In some embodiments of the present invention, the movable mold insert 170 is provided with a plurality of slag ladle chambers 330 and a plurality of overflow chutes 340, one side of the slag ladle chamber 330 is communicated with the movable mold chamber 190, and the overflow chutes 340 are communicated with one side of the slag ladle chamber 3 away from the movable mold chamber 190.

The movable die insert 170 is provided with a plurality of slag ladle cavities 330 which can contain gas which enters the cavity most, the slag ladle cavities can be matched with the feeding channel to control the flow state of molten liquid filling, local eddy current generation can be prevented, an overflow groove 340 arranged on the movable die insert 170 is communicated with the slag ladle cavities 330, the tightening force of the die-casting shell on the movable die insert 170 can be increased, and further, the shell can be left in the movable die insert 170 during die opening, so that demoulding is facilitated.

In some embodiments of the present invention, the two sides of the upper slide 250 of the movable mold frame 160 are respectively provided with the movable mold exhaust blocks 350, the fixed mold frame 100 is correspondingly provided with the fixed mold exhaust block 360, the movable mold exhaust block 350 cooperates with the fixed mold exhaust block 360 to form the exhaust channel, the exhaust channel is communicated with the end of the overflow groove 340, and the exhaust channel is used for exhausting the gas in the cavity.

Through setting up movable mould exhaust block 350 and cover half exhaust block 360, can be with the gas escape in the die cavity, and then, can prevent the production of gas pocket defect in the die-casting casing, improve the die-casting quality.

The utility model discloses a in some embodiments, the inboard all is provided with a plurality of perpendicular grooves around the fixed mould frame 100, erects the inslot and is provided with wedging piece 370, wedging piece 370 all around respectively with last subassembly 200 of loosing core, loose core down subassembly 210, the left side subassembly 220 of loosing core, the right side subassembly 230 butt of loosing core, wedging piece 370 is used for bearing the lateral thrust in the forming process.
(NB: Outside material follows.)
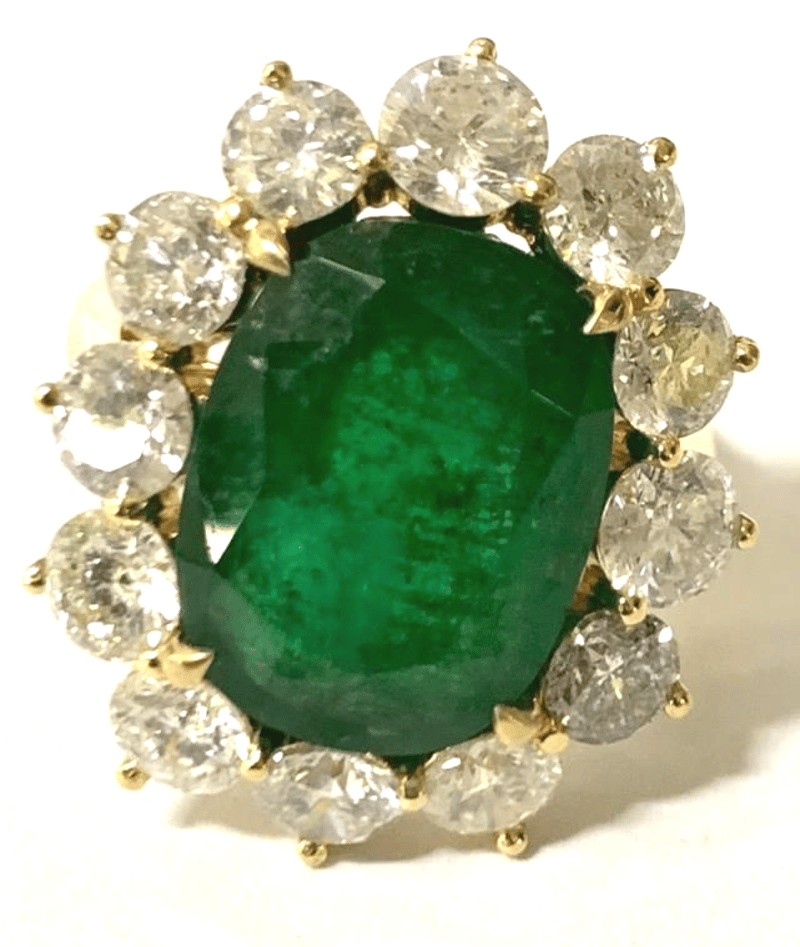18CT YELLOW GOLD EMERALD AND DIAMOND RING

When the die-casting shell is formed, the upper core-pulling assembly 200, the lower core-pulling assembly 210, the left core-pulling assembly 220 and the right core-pulling assembly 230 can bear great lateral thrust of molten liquid, the core-pulling assemblies are easy to deform after being stressed, and then the wedge blocks 370 are arranged so as to lock the sliding blocks during die assembly and bear the thrust from the lateral direction.
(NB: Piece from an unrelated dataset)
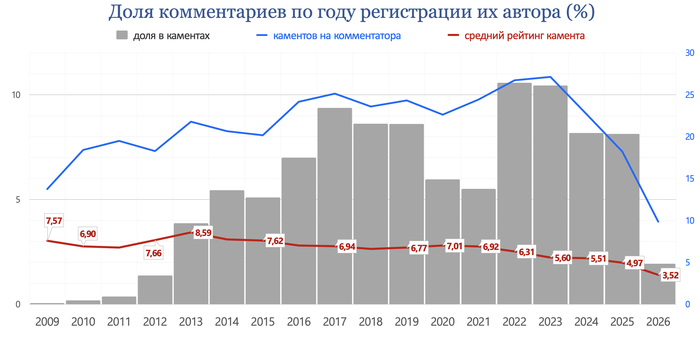 Таким образом, речь идет о 10-12 тысячах пикабушниках, определяющих почти 2/3 рейтинга всего контента.

Referring to fig. 5, the movable mold frame 160 is provided with a limiting block 380 on both sides abutting against the upper core pulling assembly 200, the lower core pulling assembly 210, the left core pulling assembly 220 and the right core pulling assembly 230, and the limiting block 380 is used for limiting the upper core pulling assembly 200, the lower core pulling assembly 210, the left core pulling assembly 220 and the right core pulling assembly 230.

The movable mold frame 160 is provided with the limiting blocks 380 on two sides abutted to the upper core pulling assembly 200, the lower core pulling assembly 210, the left core pulling assembly 220 and the right core pulling assembly 230, so that the upper core pulling assembly 200, the lower core pulling assembly 210, the left core pulling assembly 220 and the right core pulling assembly 230 can be limited, the upper core pulling assembly 200, the lower core pulling assembly 210, the left core pulling assembly 220 and the right core pulling assembly 230 are effectively prevented from being deviated in a die casting process, and further, the upper core pulling assembly 200, the lower core pulling assembly 210, the left core pulling assembly 220 and the right core pulling assembly 230 are enabled to have stability.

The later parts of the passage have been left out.